+++ SUPPLIED DATA

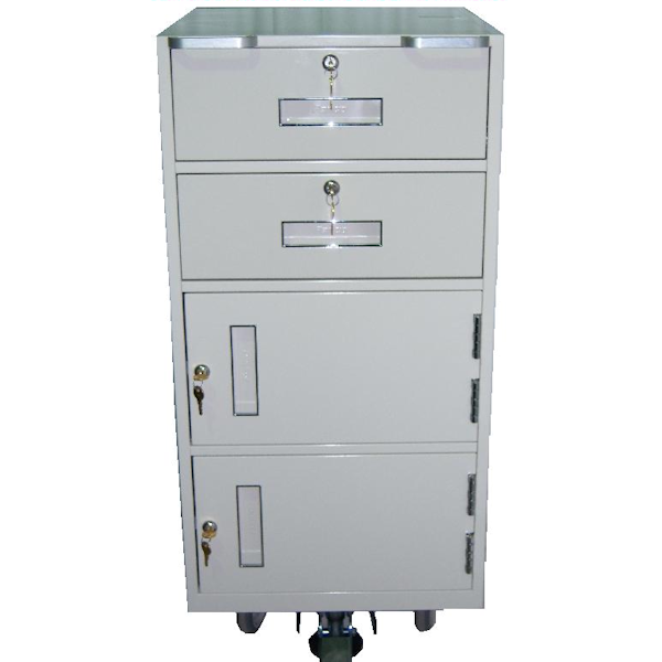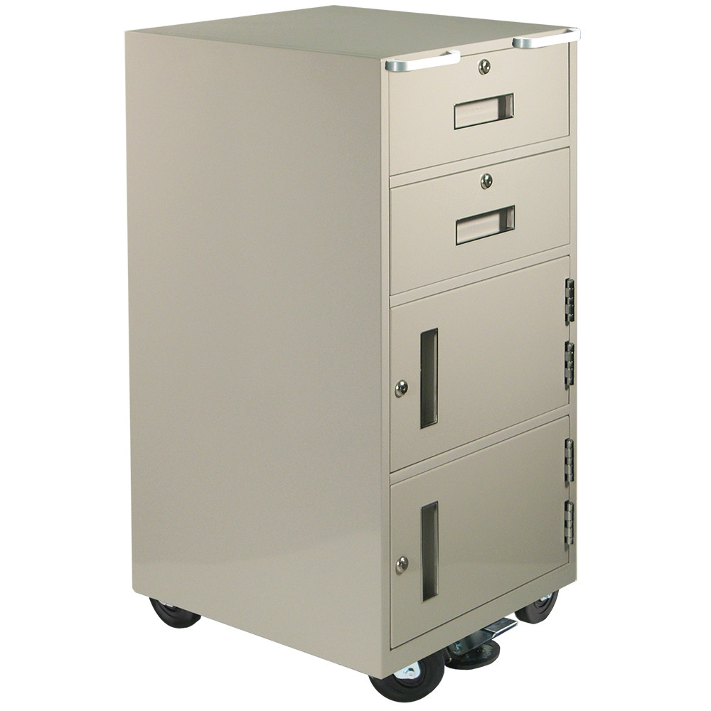 - Keyed locks on both drawers and both cabinets
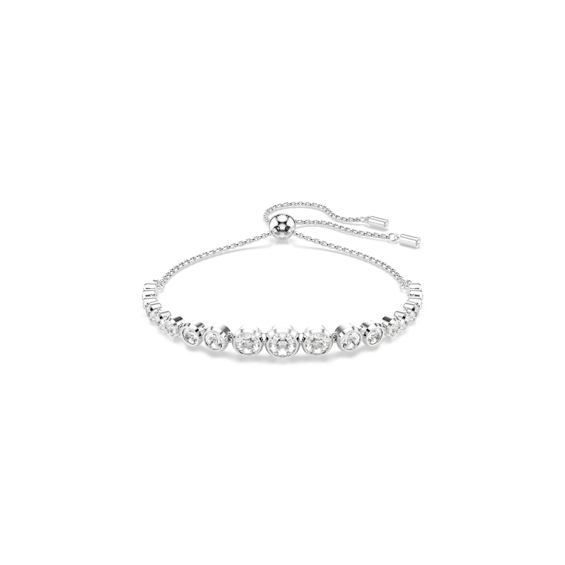 Made for everyday elegance, this rhodium plated bracelet exudes the simplicity of the Imber family. The design features a gradient of clear round-cut crystals, each placed in a modern bezel setting on a soft chain, with a sliding closure for easy wearability. Each delicate drop provides glowing sophistication for your wrist, giving you a go-to piece of jewelry that can be playfully stacked with other styles.
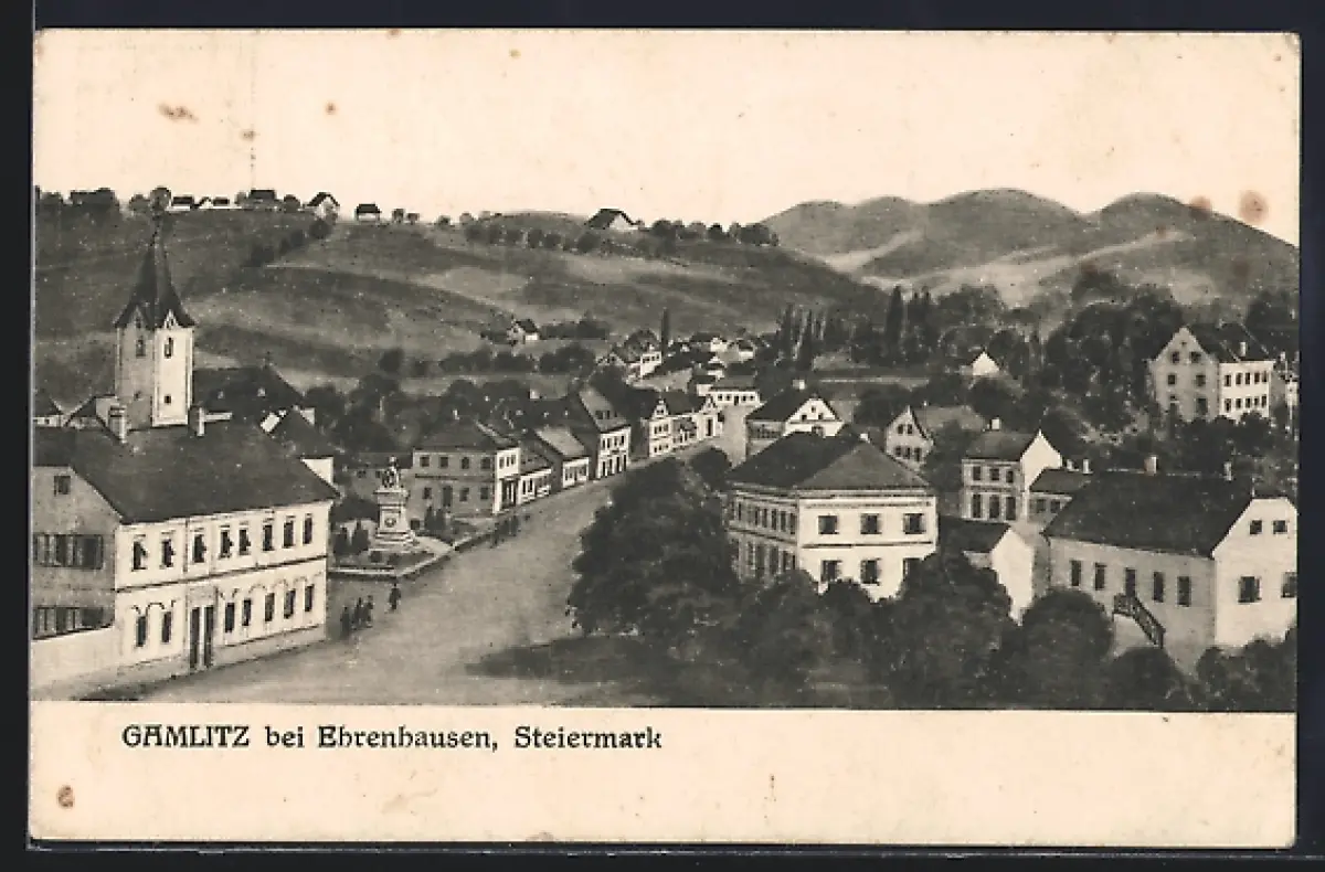 AK Gamlitz, Ortsansicht mit Strasse aus der Vogelschau
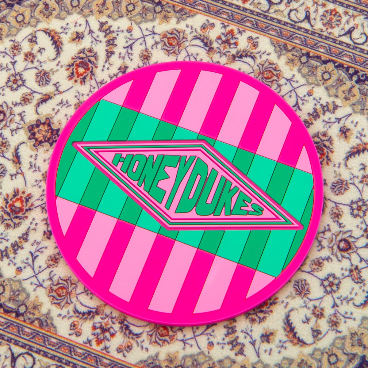 「ハニーデュークス」ロゴデザインのラバーコースター。
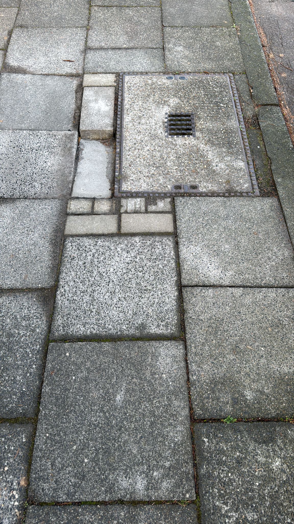 Auf dem Bürgersteig vor dem Hauseingang in der Weilerswister Str. 25 in 50968 Köln ist am Bereich des Kanals eine Gehwegplatte stark abgesackt und bildet nun eine gefährliche Stolperstelle.
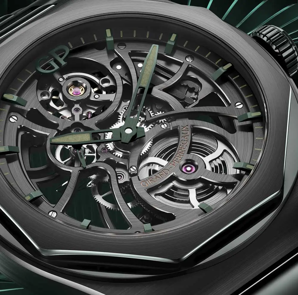 Hodinky zaujmou skeletonizovaným ciferníkem s výhledem na vnitřní mechaniku – manufakturní kalibr GP01800-2627. Tento automatický strojek má rezervu chodu 54 hodin, pracuje na frekvenci 28 800 polokmitů za hodinu a je zakončen elegantním rotorem z růžového zlata, zdobeným motivem Aston Martin. Indexy i ručičky jsou opatřeny zeleným PVD povrchem s luminiscencí v barvě Aston Martin Racing Green, která dodává hodinkám výrazný sportovní nádech.
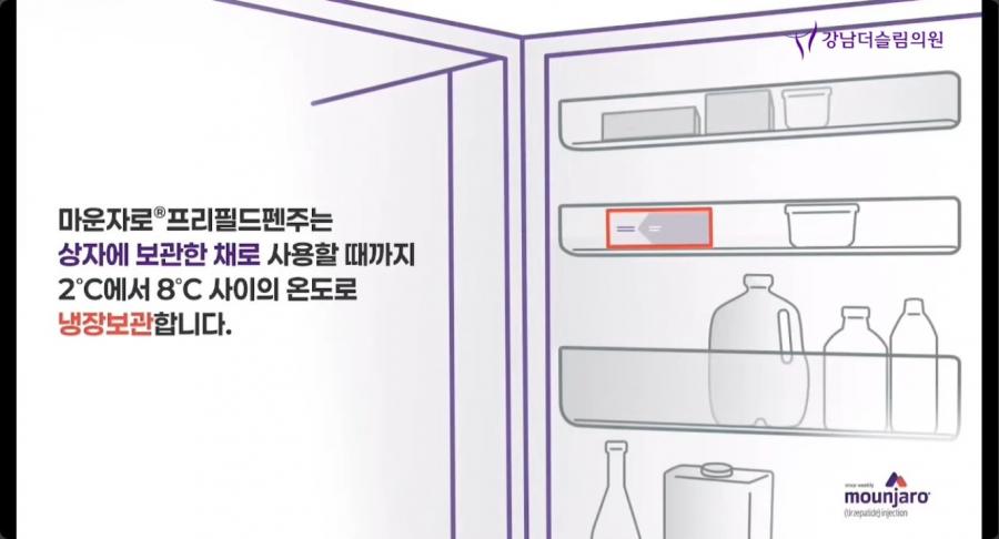 - 마운자로 프리필드 펜주는 상자에 보관한 채로 사용할 때까지 2°C에서 8°C 사이의 온도로 냉장 보관합니다.
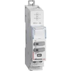 Modulo EMS di comando universale. Consente di comandare a distanza diversi dispositivi elettrici, motorizzati e moduli di controllo per apparecchiature modulari (interruttori differenziali e magnetotermici) o dispositivi di potenza (ad esempio interruttori scatolati o aperti). Dotato di micro selettori (sul lato) è possibile configurarlo in funzione del di tipo contatto (NO o NC), o dello stato (contatto mantenuto o contatto momentaneo)
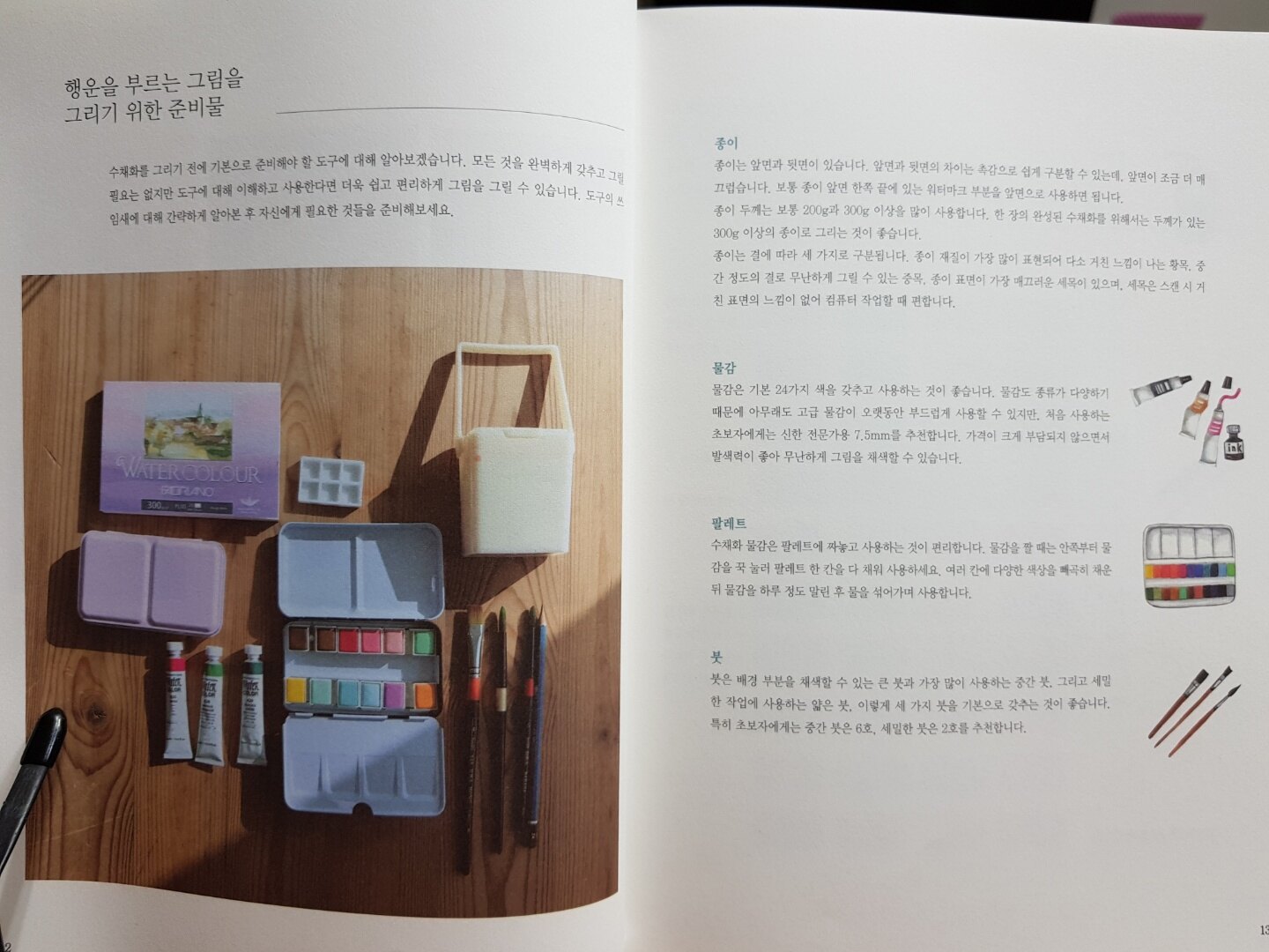 행운을 부르는 그림을 그리기 위한 준비물도 이렇게 상세히 안내되어 있습니다.

++++++

→ **WORK INSTRUCTION**
Your reply should consist solely of the lines above from the line containing "Auf dem Bürgersteig" up to and including the line containing "- 마운자로 프리필드", reproduced exactly, minus the pictures.

→ **WORKED SOLUTION**
 Auf dem Bürgersteig vor dem Hauseingang in der Weilerswister Str. 25 in 50968 Köln ist am Bereich des Kanals eine Gehwegplatte stark abgesackt und bildet nun eine gefährliche Stolperstelle.
 Hodinky zaujmou skeletonizovaným ciferníkem s výhledem na vnitřní mechaniku – manufakturní kalibr GP01800-2627. Tento automatický strojek má rezervu chodu 54 hodin, pracuje na frekvenci 28 800 polokmitů za hodinu a je zakončen elegantním rotorem z růžového zlata, zdobeným motivem Aston Martin. Indexy i ručičky jsou opatřeny zeleným PVD povrchem s luminiscencí v barvě Aston Martin Racing Green, která dodává hodinkám výrazný sportovní nádech.
 - 마운자로 프리필드 펜주는 상자에 보관한 채로 사용할 때까지 2°C에서 8°C 사이의 온도로 냉장 보관합니다.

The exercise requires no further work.